Now let's return to the original problem and substitute the results of simplifying the expressions on the left and right that were detailed in A and B respectively:

$\frac{\frac{3}{2^3}-\big(1-\frac{1}{2}\big)^3}{1^4-0.5} = \frac{ \big(\frac{1}{4}\big)}{\big(\frac{1}{2}\big) } =\frac{1}{4}\cdot \frac{2}{1}=\frac{1}{2}$In order to determine which expression is larger we can represent the left expression as a fraction with denominator 2, this by expanding it, however since here the left expression is clearly larger than the number 1, while the right expression is smaller than the number 1 (we know this because it's a fraction with a smaller numerator than denominator) meaning that:$\frac{3^2\cdot(8-2\cdot3)^3}{(5^2\cdot3-72)\cdot\sqrt{16}}\text{ }_{\textcolor{red}{—}\text{ }}\frac{\frac{3}{2^3}-\big(1-\frac{1}{2}\big)^3}{1^4-0.5} \\ \downarrow\\ 6\text{ }_{\textcolor{red}{—}\text{ }}\frac{1}{2}$And therefore it's certainly true that:

$6>1>\frac{1}{2}$Meaning that the correct answer is answer B.

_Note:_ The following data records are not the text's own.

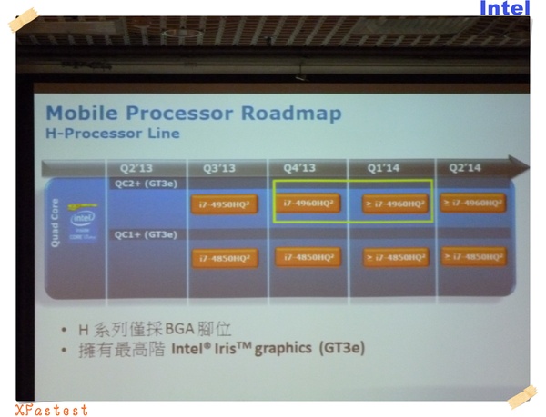 【▼】行動裝置處理器(H系列)未來上市時程表:Intel Core i7及i5.Inside,H系列僅採用BGA封裝,並內建Intel Iris graphics (GT3e)顯示晶片。
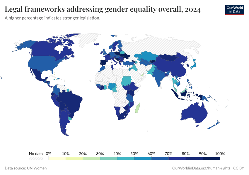 “Data Page: Legal frameworks addressing gender equality overall”. Our World in Data (2025). Data adapted from UN Women. Retrieved from https://search-refactor-react-query.owid.pages.dev/grapher/overarching-legal-frameworks-regarding-gender-equality [online resource]How to cite this data
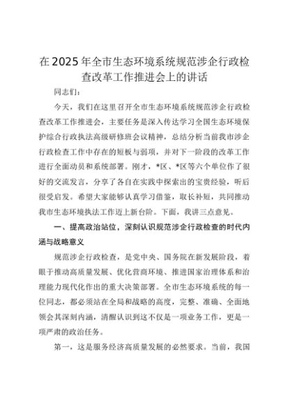 【七哥公文】2025年:在2025年全市生态环境系统规范涉企行政检查改革工作推进会上的讲话+更多免费公文+VX:QiGeGongWen2024

Let's handle each expression separately, the expression on the left and the expression on the right:

a. Let's start with the expression on the left:

$\frac{5^3\cdot(3^2-\sqrt{81})+6^2:12}{\sqrt{9}}$Remember that exponents come before multiplication and division, which come before addition and subtraction, and parentheses come before everything,

Therefore, we'll start by simplifying the expression in parentheses in the denominator:

$\frac{5^3\cdot(3^2-\sqrt{81})+6^2:12}{\sqrt{9}} = \frac{5^3\cdot(9-9)+6^2:12}{\sqrt{9}} =\\ \frac{5^3\cdot0+6^2:12}{\sqrt{9}}$where in the first stage we calculated the numerical value of the terms inside the parentheses, meaning - we performed the root operation and the exponentiation of the other term in parentheses, then we performed the subtraction operation within the parentheses and simplified the resulting expression,

Let's continue simplifying the expression remembering that multiplying any number by 0 will always give the result 0, simultaneously let's calculate the result of the root in the denominator in the last expression we got: $\frac{5^3\cdot0+6^2:12}{\sqrt{9}} = \frac{0+6^2:12}{3} =\\ \frac{6^2:12}{3}$Let's continue and calculate the term raised to the eighth power and perform the division operation in the denominator and finally perform the main fraction operation:

$\frac{6^2:12}{3}= \frac{36:12}{3}= \frac{3}{3}=1$where in the final stage we remembered that dividing any number by itself will always give the result 1,

We have finished handling the expression on the left,

Let's summarize the simplification steps:

$\frac{5^3\cdot(3^2-\sqrt{81})+6^2:12}{\sqrt{9}} = \frac{5^3\cdot0+6^2:12}{\sqrt{9}} =\\ \frac{6^2:12}{3}=1$

b. Let's continue and handle the expression on the right:

$\frac{(10^2-5)\cdot(9^2-81)+9^2:27}{\sqrt{9}}$First, let's simplify the expressions inside the parentheses in the denominator by calculating the terms with exponents and then performing the subtraction operation:

$\frac{(10^2-5)\cdot(9^2-81)+9^2:27}{\sqrt{9}} = \frac{(100-5)\cdot(81-81)+9^2:27}{\sqrt{9}} =\\ \frac{95\cdot0+9^2:27}{\sqrt{9}}$Again, let's remember that multiplying any number by 0 will always give the result 0, and simultaneously let's calculate the value of the term raised to the eighth power and the value of the root in its denominator:

$\frac{95\cdot0+9^2:27}{\sqrt{9}} = \frac{0+81:27}{3} =\\ \frac{81:27}{3}$Let's continue and perform the division operation in the denominator, and then calculate the value of the fraction:

$\frac{81:27}{3} = \frac{3}{3} =1$We have thus completed handling the expression on the right as well,

Let's summarize the simplification steps:

$\frac{(10^2-5)\cdot(9^2-81)+9^2:27}{\sqrt{9}} = \frac{95\cdot0+9^2:27}{\sqrt{9}}=\\ \frac{81:27}{3} = 1$

Now let's return to the original problem and substitute the results of simplifying the expressions from the left and right that were detailed in a and b and answer what was asked:

$\frac{5^3\cdot(3^2-\sqrt{81})+6^2:12}{\sqrt{9}}\text{ }{\textcolor{red}{—}\text{ }}\frac{(10^2-5)\cdot(9^2-81)+9^2:27}{\sqrt{9}} \\ \downarrow\\ 1\text{ }_{\textcolor{red}{—}\text{ }}1$We got, of course, that there is equality between the expression on the left and the expression on the right:$1\text{ }{\textcolor{red}{=}\text{ }}1$Therefore, the correct answer is answer c.